IME, slurm, is an orchestration tool for HPC. AIUI, slurm can and does utilize the snapd_daemon for certain actions, but in certain environments the slurmd process itself needs to run (arbitrary) commands as the effective uid/gid user in order access resources for the user (@jamesbeedy referred to this as the ‘active directory user’ which seem to tied to slurm’s concept of ‘partitions’ (see the overview url)). Other use cases are to run commands as other users for accounting purposes (AIUI, the current design of slurm is such that it performs resource accounting by tracking the uid that the process ran as as opposed to something like having users login in with an account and executing all commands as the same user and performing tracking via use of the account).

The slurm website states “Slurm is an open source, fault-tolerant, and highly scalable cluster management and job scheduling system for large and small Linux clusters”. So, like flowbot, this is similar to juju. The closest use case in our processes for classic is ‘management snaps’ which we’ve identified as an unsupported use case.

In my limited understanding of slurm, we could perhaps require that slurm be modified to run anything that should be non-root as snap_daemon with slurm then being further modified to perform accounting with this in mind, but IME that would change how users expect to use slurm (ie, they’d have to ‘login’ in some manner). Even if that change was made, slurm’s functionality wrt partitions would be limited.
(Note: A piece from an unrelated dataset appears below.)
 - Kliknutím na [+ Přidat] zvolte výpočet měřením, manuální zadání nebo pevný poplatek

While orchestration tools like slurm (and juju (and potentially the recent flowbot request) do ‘manage’ systems, these systems are not for managing fleets of devices/laptops/servers/etc which have login users and are instead about scale out computing on systems primarily without login users. In that light, I think we should consider the ‘orchestration snaps’ use case as something different from ‘management snaps’.

@pedronis - thoughts?

jamesbeedy · July 1, 2020, 4:50pm

@jdstrand @pedronis slurm is a resource scheduler for HPC applications. It is closer in comparison to apache spark than to juju. E.g. we use juju to facilitate the slurm lifecycle; we can scale our slurm clusters using juju to meet the resource needs of individual hpc jobs that users may run on slurm.

The hpc space is majorly an enterprise and academic space, in which heightened security and extended red tape are the norm. Active directory realms, access tracking and resource accounting on a per user basis are required with no exceptions.

An example:
A user will have files in a location in an active directory controlled filesystem that the slurmd (compute daemon) process needs to access, on all nodes in the cluster.
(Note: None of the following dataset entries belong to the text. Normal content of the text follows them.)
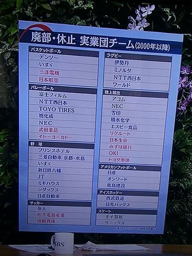 2014年07月08日(火) ブログ 実業団廃部、休止・・・ こうやって見ると、結構名門の実業団が廃部・休止になっているんですね。 効率化の名のもとに無駄を省くことの功罪の一つかな。 ~2014年7月4日WBSより
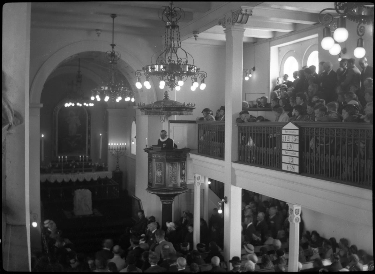Fjöldi kirkjugesta. Konungshjónin. Bjarni Jónsson í predikunarstól. Úr
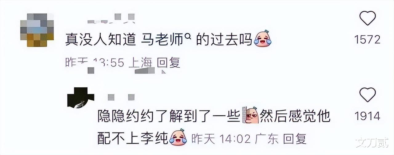 但在一派和乐的祝福声中,也有网友替李纯担心,毕竟看一看马頔的过去,那放荡不羁又爱玩的样子,妥妥的一个情场浪子,不知道李纯能不能降的住他。
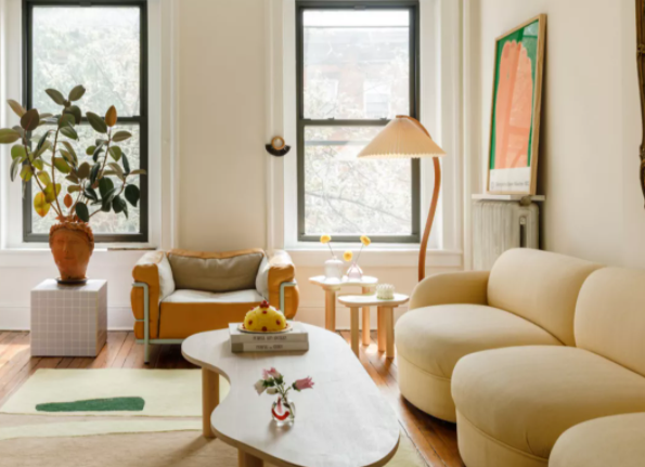 打造奶茶風的家非常容易:大顏色一鋪,同色系家具搭配好,再用綠植和掛畫補補氛圍,就大功告成啦!

When the user executes a slurm job from a central location using srun/sbatch, the slurmd execute under the effective uid of the user that kicked off the job.
The slurmd needs to execute as the effective userid of the active directory user that kicked off the process so that it can access files in the user space on each of the compute nodes.

We have tried many alternatives to support these conventions outside of producing a classic snap.
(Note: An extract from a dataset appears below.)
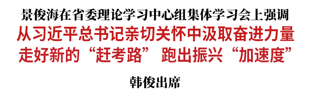 7月14日,省委书记景俊海主持召开省委理论学习中心组集体学习会,重温学习、深入贯彻习近平总书记视察吉林重要讲话重要指示精神,持之以恒动员全省上下牢记嘱托、感恩奋进,奋力谱写全面建设社会主义现代化新吉林精彩篇章。景俊海强调,要从习近平总书记亲切关怀中汲取奋进力量,坚决扛起“新担当、新突破、新作为”重大职责使命,走好新的“赶考路”、跑出振兴“加速度”,以实际行动迎接党的二十大胜利召开。省委副书记、省长韩俊出席会议。

In conclusion, we have determined that we need to use a classically confined snap to support these use cases.

Hope this helps. Thanks!

egeeirl · July 1, 2020, 9:16pm

Slurm isn’t managing or even really orchestrating anything. Depending on the use case, it is effectively a middleware. Take this use-case for example:

An organization wants to use StarCCM to simulate some heavy-duty fluid dynamics. In this case, Slurm is simply a tool that StarCCM leverages to complete the task.

Since this is a massively intense computational workload, it would be extremely useful to delegated out to multiple compute nodes. That’s where Slurm comes in.

StarCCM, MPI, and Slurm (and other components) work together to slice the workload into computational chunks that can be resolved through N number of compute nodes via Slurm. As such, Slurm isn’t necessarily managing a host in a traditional sense. Slurm also isn’t really orchestrating or provisioning anything, either.

In the current use case, Juju is used to deploy and provision Slurm across several clusters .

jdstrand · July 2, 2020, 8:50pm

That is a fair distinction and perhaps we’ll want to define this as a different use case from orchestration. The main point though is that slurm isn’t about managing the compute nodes’ OS, user, etc configuration (ie like puppet or chef might do), it is about putting workloads on them (which in my mind is orchestrating the computation). Semantics aside, ‘management snaps’ is not a supported use case for classic and I’m putting forth that slurm is not a ‘management snap’ but rather something else, which IME is an important distinction when considering slurm for classic confinement.

egeeirl · July 2, 2020, 9:12pm

Semantics aside, ‘management snaps’ is not a supported use case for classic and I’m putting forth that slurm is not a ‘management snap’ but rather something else, which IME is an important distinction when considering slurm for classic confinement.

Sure, that seems fine. So this is something that you Snapcrafters will discuss on your side and get back to me or is there anything else I need to do?

jdstrand · July 2, 2020, 10:02pm

@egeeirl - classic snaps run unrestricted on the systems they are installed on and for this reason we treat reviews of classic snaps differently than other sorts of reviews. For use cases for classic snaps that aren’t listed in our current processes, reviewers ask for snapd architect involvement, which I did when I asked for @pedronis to comment. That discussion will happen in this topic and for the moment there is nothing else you need to do, though he may have followup questions for you/other reviewers.

egeeirl · July 3, 2020, 12:33am

For use cases for classic snaps that aren’t listed in our current processes, reviewers ask for snapd architect involvement

Perfect, thank you

jamesbeedy · July 12, 2020, 6:37pm

@jdstrand @pedronis nudge, bump

pedronis · July 15, 2020, 3:53pm

@jdstrand the ways this seems to be different than a managent snap are:

I imagine it is normally supposed to take over a machine with no workloads not related to it usually running
It wouldn’t run quietly in a corner taking control only from time to time
In particular except for developer machines we wouldn’t expect this to run on a desktop?
We don’t expect casual users to install this at all?

pedronis · July 15, 2020, 3:56pm

These same arguments though make it a bit unclear why it couldn’t be confined at some point?.